A16Z Is Playing a Different Game Than You Think
The DOGE recruitment cameo only looks like a distraction if you haven't been paying attention to the actual thesis.
a16z's portfolio thesis — defense, AI, crypto, biotech, DOGE — is still unfolding. Whether the endgame is ASI or just very good venture returns remains the question nobody can answer from outside the room.
Marc Andreessen is out here recruiting staff for the Department of Government Efficiency, which — if you squint at it the right way, and I think you have to squint — is just another position in a portfolio that only makes sense if the endgame is something much larger and stranger than "good venture returns."
Think about what a16z actually is right now. Defense tech. AI labs. Crypto infrastructure. Biotech. And now, apparently, human capital services for a Musk-adjacent government organ with no legal standing and a name that sounds like a McKinsey slide. These are not the diversified bets of a firm trying to stay relevant. They are, if you accept a certain premise, a coherent strategy — the premise being that we are within a decade of something that will make the concept of "venture returns" quaint, and you want to be positioned on the right side of the threshold when it arrives.

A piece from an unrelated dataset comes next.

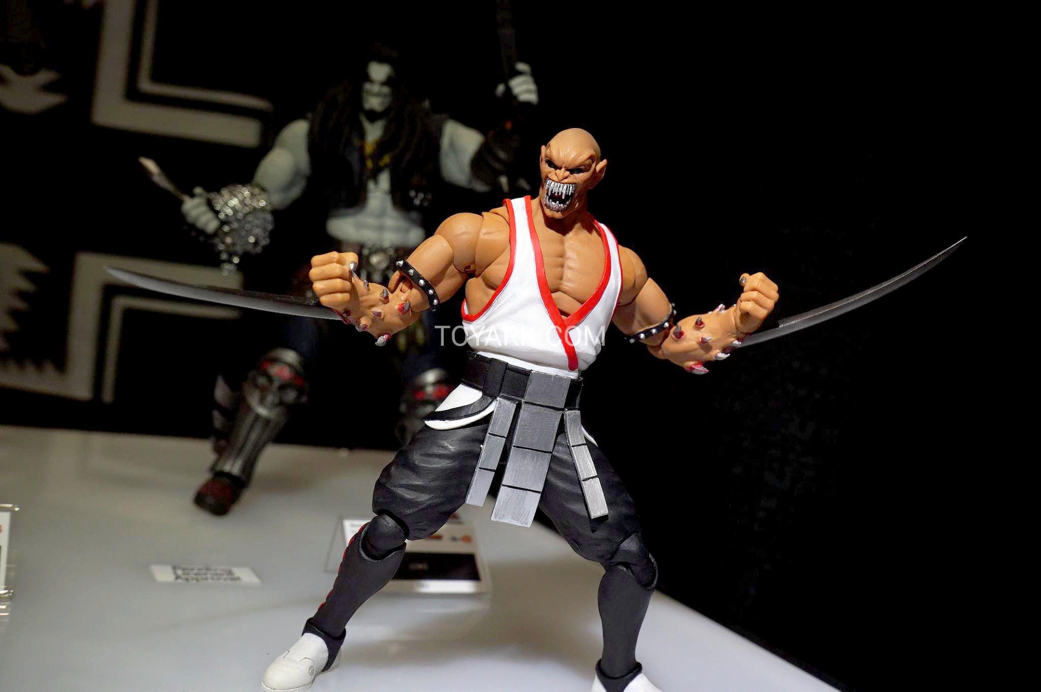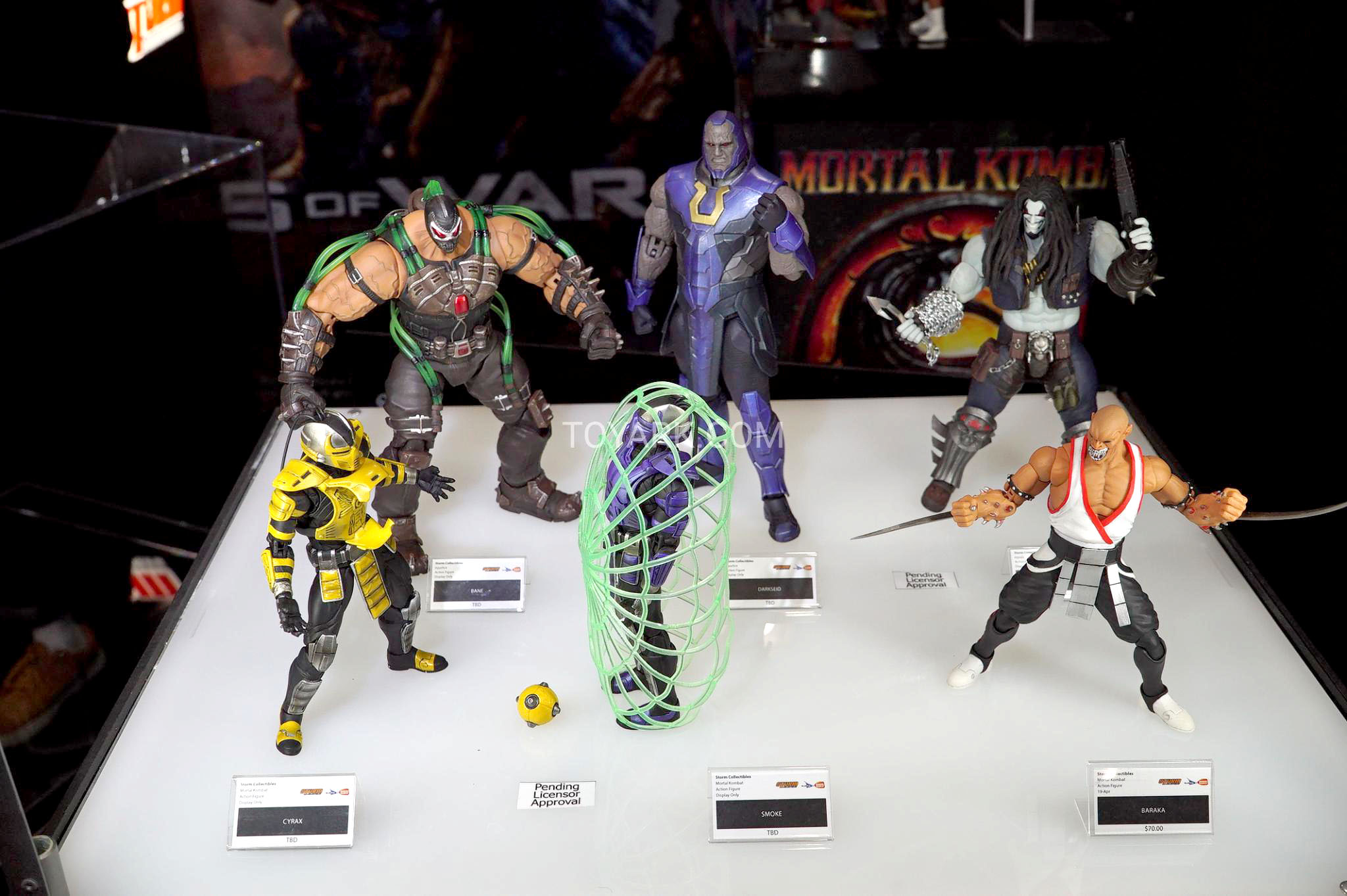 Toyark was in NYC to take extensive photos from the Storm display, where 1:12 scale figures of Baraka, Cyrax and a netted Smoke are joined by classic fighting game characters from Street Fighter and King of Fighters. Behind the MK offerings can also be seen Injustice versions of Darkseid, Bane and Lobo.

The foundational goal, stated out loud by the people involved, is AGI and then ASI — artificial superintelligence, the thing that either solves everything or ends everything depending on which Tuesday you ask. Not a product. Not a market. The reorganization of what intelligence means on this planet.
Against that backdrop, helping staff a government efficiency body run by the richest man alive and blessed by the incoming president is not a weird side quest. It's derisking. You want the regulatory environment, the government contracts, the infrastructure access, the political cover. You want to be inside the tent when the tent becomes the only thing standing.
This either works — in which case a handful of firms in San Francisco will have positioned themselves at the center of the most significant transition in human history — or it doesn't, in which case they will have helped concentrate power in ways that are going to be genuinely difficult to undo, and future historians will find it very funny that the pitch deck said "democratizing technology."
There is no boring outcome here. That's the part people keep missing.